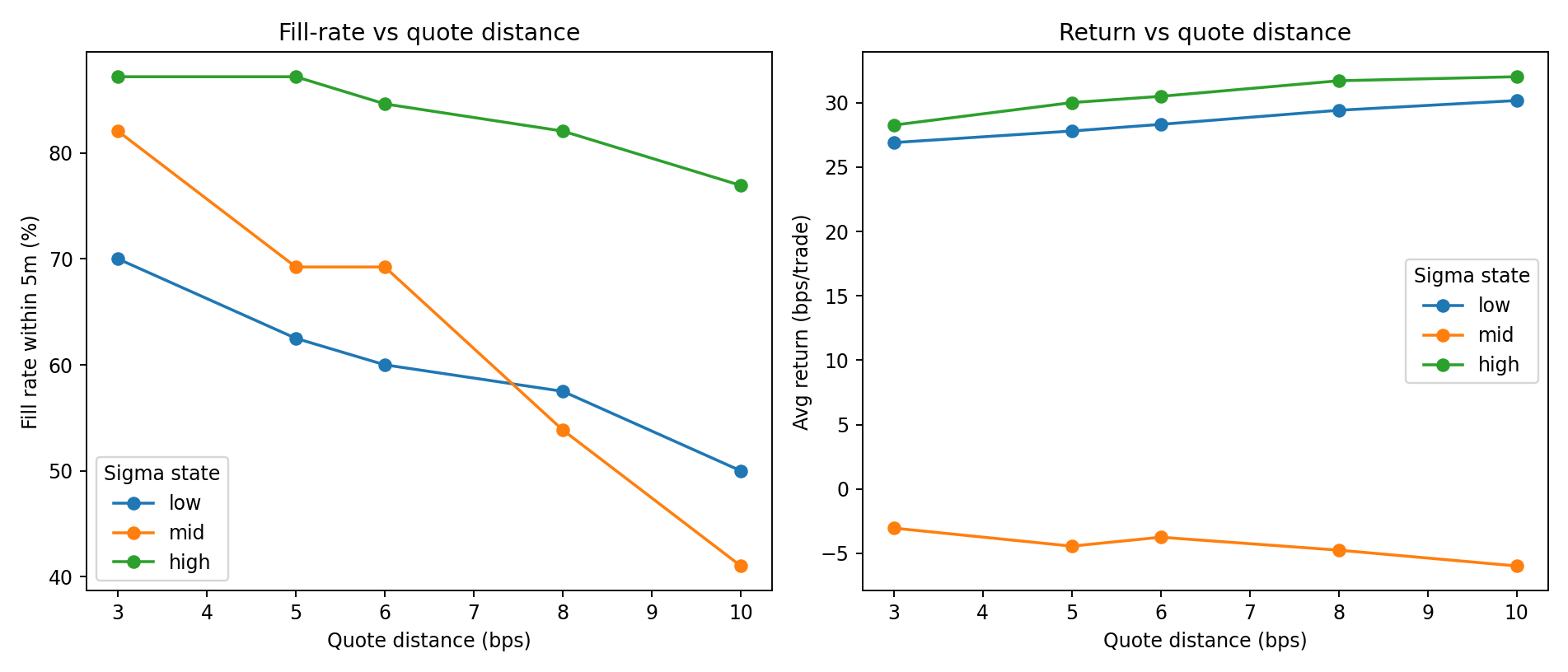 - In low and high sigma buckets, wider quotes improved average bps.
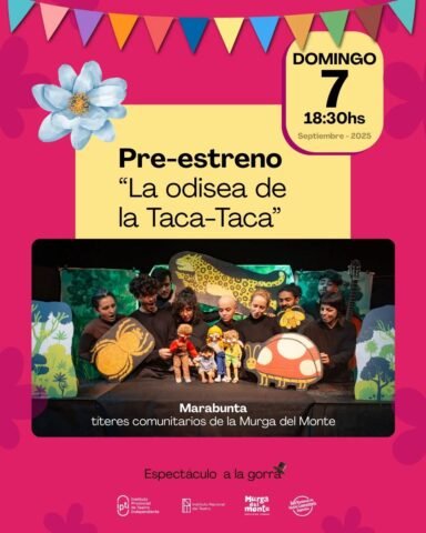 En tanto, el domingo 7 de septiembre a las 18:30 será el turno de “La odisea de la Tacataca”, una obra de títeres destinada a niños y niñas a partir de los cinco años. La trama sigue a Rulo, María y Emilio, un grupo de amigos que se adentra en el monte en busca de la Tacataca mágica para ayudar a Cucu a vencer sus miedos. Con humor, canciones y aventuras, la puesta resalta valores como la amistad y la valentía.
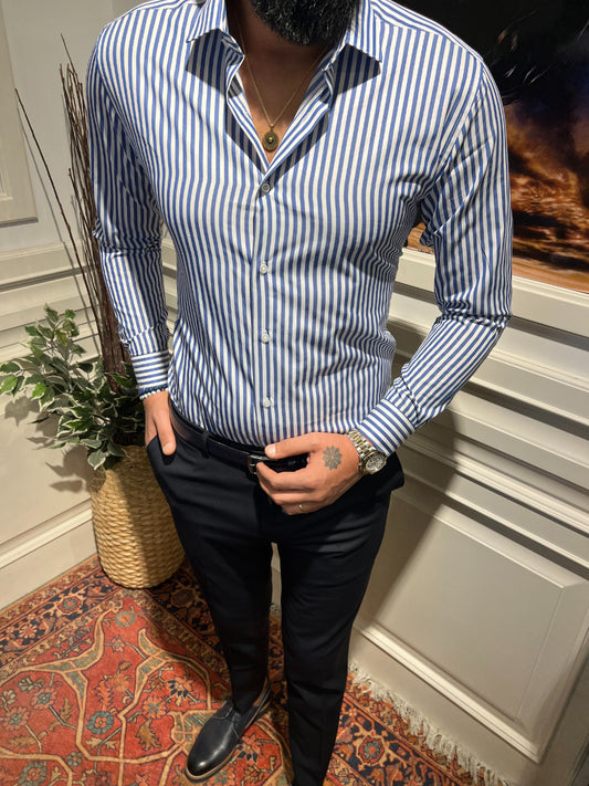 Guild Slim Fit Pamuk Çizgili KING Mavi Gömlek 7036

┄┄┄┄┄┄┄┄┄┄

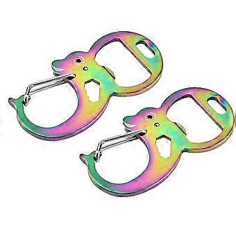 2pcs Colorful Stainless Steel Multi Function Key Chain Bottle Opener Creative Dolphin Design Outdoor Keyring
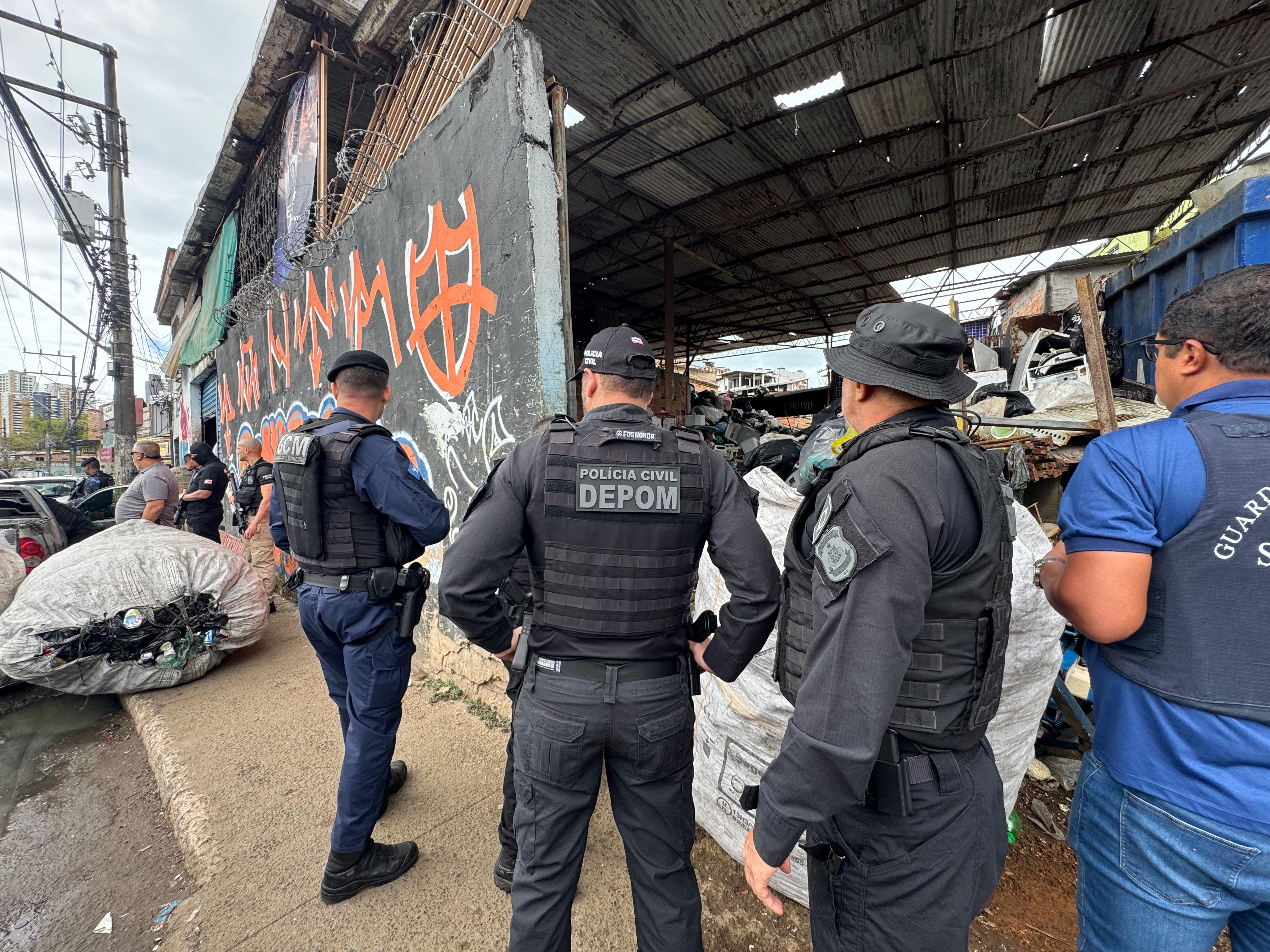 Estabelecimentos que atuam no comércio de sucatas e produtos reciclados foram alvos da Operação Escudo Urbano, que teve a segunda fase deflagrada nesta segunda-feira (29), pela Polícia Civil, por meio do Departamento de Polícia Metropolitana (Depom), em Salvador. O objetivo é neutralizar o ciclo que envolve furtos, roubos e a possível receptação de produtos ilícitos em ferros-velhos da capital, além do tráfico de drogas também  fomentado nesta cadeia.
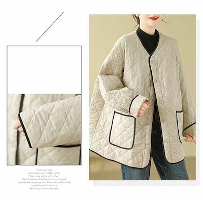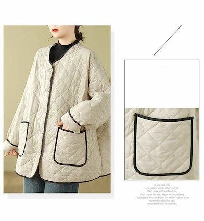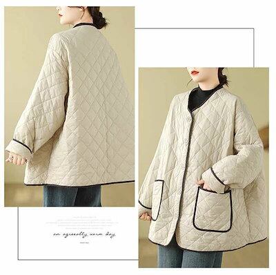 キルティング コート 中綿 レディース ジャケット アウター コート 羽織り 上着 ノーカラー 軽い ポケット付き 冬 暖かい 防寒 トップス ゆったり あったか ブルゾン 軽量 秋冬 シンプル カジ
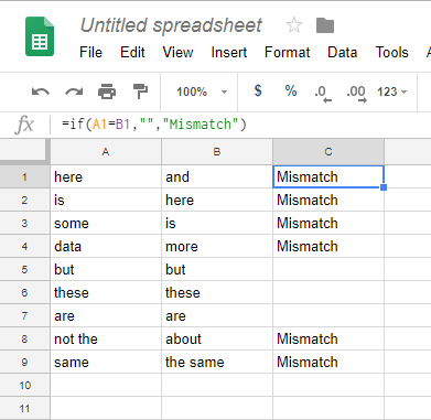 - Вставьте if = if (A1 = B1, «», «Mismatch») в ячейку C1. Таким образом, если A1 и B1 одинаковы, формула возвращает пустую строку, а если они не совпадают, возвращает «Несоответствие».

┄┄┄┄┄┄┄┄┄┄

## YOUR TASK
Only one part of the listing is wanted: the lines from the one containing "- In low and" through the one containing "Guild Slim Fit", both included. Please transcribe it exactly, leaving out the pictures.

## ANSWER TO THE EXERCISE
 - In low and high sigma buckets, wider quotes improved average bps.
 En tanto, el domingo 7 de septiembre a las 18:30 será el turno de “La odisea de la Tacataca”, una obra de títeres destinada a niños y niñas a partir de los cinco años. La trama sigue a Rulo, María y Emilio, un grupo de amigos que se adentra en el monte en busca de la Tacataca mágica para ayudar a Cucu a vencer sus miedos. Con humor, canciones y aventuras, la puesta resalta valores como la amistad y la valentía.
 Guild Slim Fit Pamuk Çizgili KING Mavi Gömlek 7036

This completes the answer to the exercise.